Mac Spencer read his mind.  "Are you sure this is what you want to do, Blion?  It's not certain your parents are still alive and you've never seen real peril, not like this."

"Yes, I'm sure." Blion said with a confidence that he didn't feel.  "I wanted to meet them so badly when I first found out I was adopted.  What do they look like?  What do they smell like?  Who are they?  Why was the rebelion against the Aye worth sacrificing me," his voice cracked slightly at that last question.  "I had a hard time accepting I'd never get a chance to know them.  When you told me they were still alive, I was shocked.  I never had any doubt that my original parents were rebels after all, who else gets adopted.  But I never suspected they might still be alive.  The Advocates always say that the Aye executes Rebels."

"That's not quite the way they phrase it," said the old man, "Advocates always tell the truth.  Even if it's practically the same thing."

Blion wasn't concerned about ethical semantics right now.  "Now that we're alone, can you tell me why you don't know where they are?  Where are we going?"

"I already told you.  We're going to Paris."

Blion was irritated at the old man's intentionally useless reply but he know better than to show it.  "I mean where my parents might be."

"Your parents were last seen in England.  That's where we'll end up.  Don't forget I told you this would be the most dangerous..."

"England!"  Blion would have jumped out of his chair if the restraints hadn't still been on.  "You mean that's a real place?  I thought it was like Atlantis."

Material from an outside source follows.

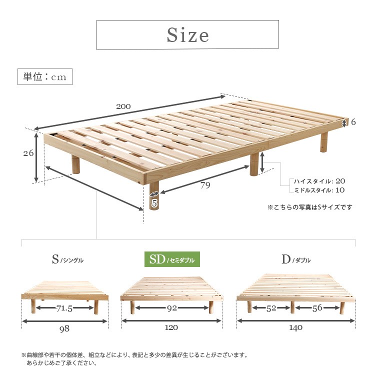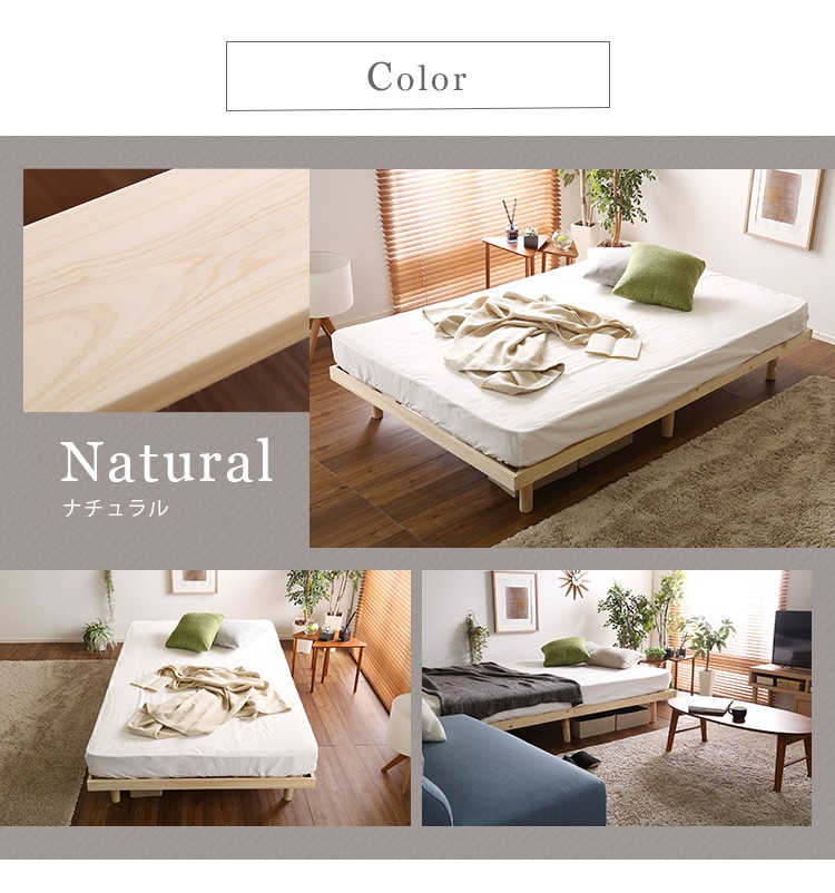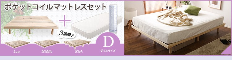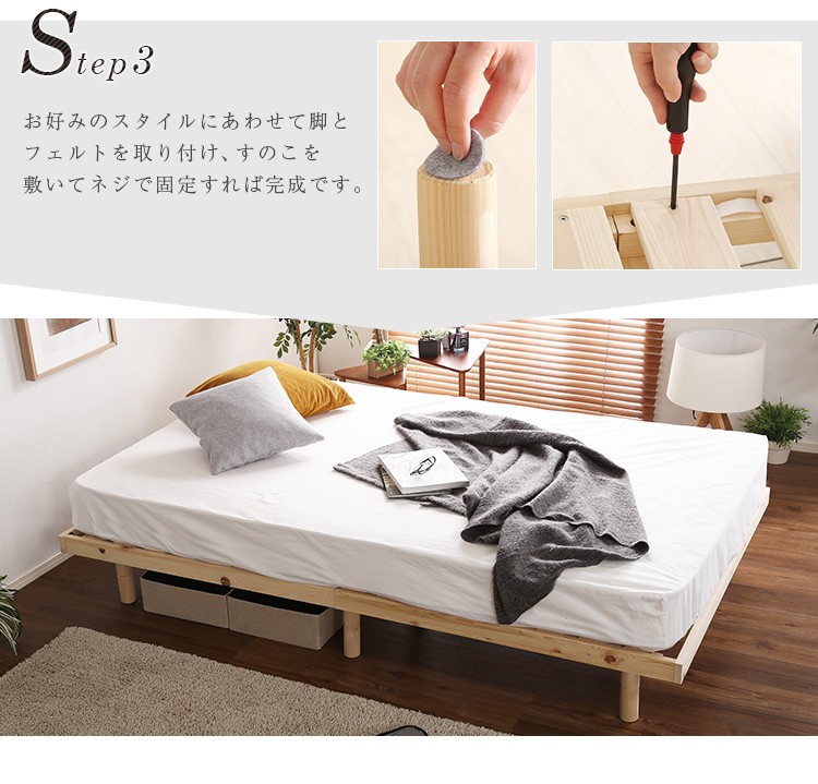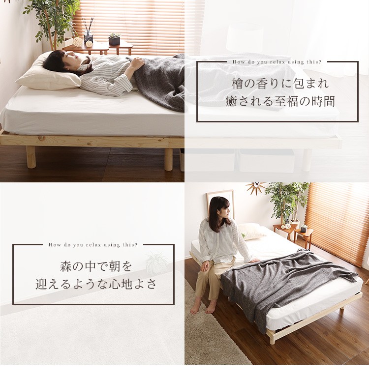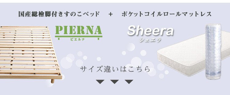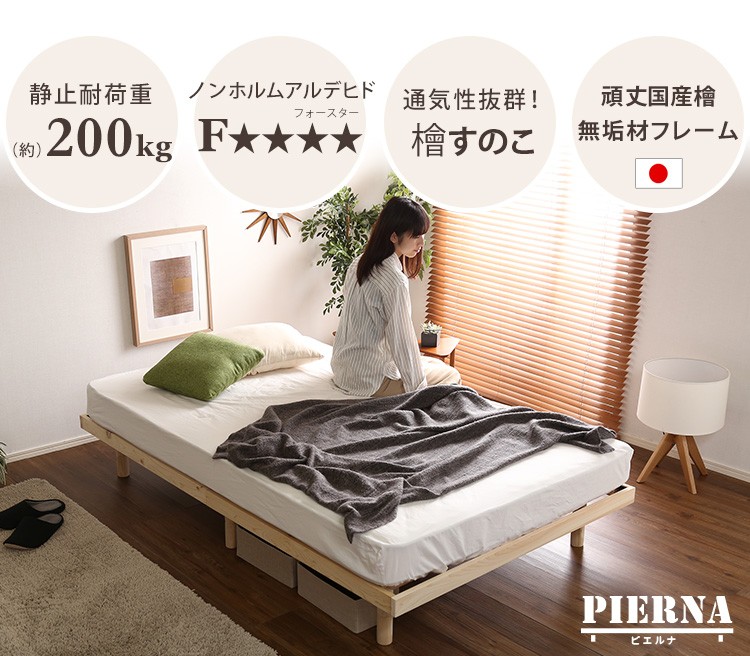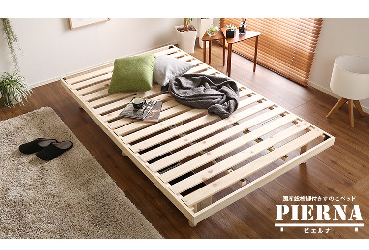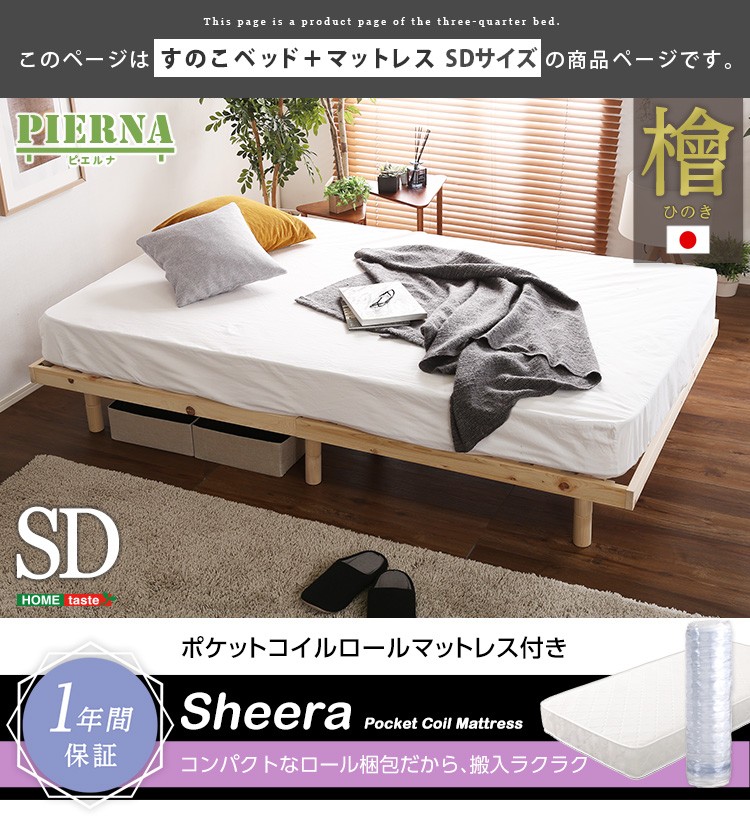 3段階高さ調節 国産総檜脚付きすのこベッド 【Pierna-ピエルナ-】(ポケットコイルロールマットレス付き) セミダブル

"Yes, Blion," he replied with a serious, almost somber expression, "it's one of the world's best kept secrets.  The Aye doesn't kill rebels, at least not directly.  It sends them to the lost island of Great Britain from which they are forbidden from ever returning.  We hid it from all the maps.  We omit or generalize all references to it in history and literature.  Except of course, from certain fiction as you have read.  It is very important that you never tell anyone about this, or you and they will end up there."

It was clear enough that an Advocate must keep certain information in confidence but it wasn't clear why rebels would be sent to England and why it would be secret if they did.  There must be something more to it.  "Why all the secrecy?  What goes on there?"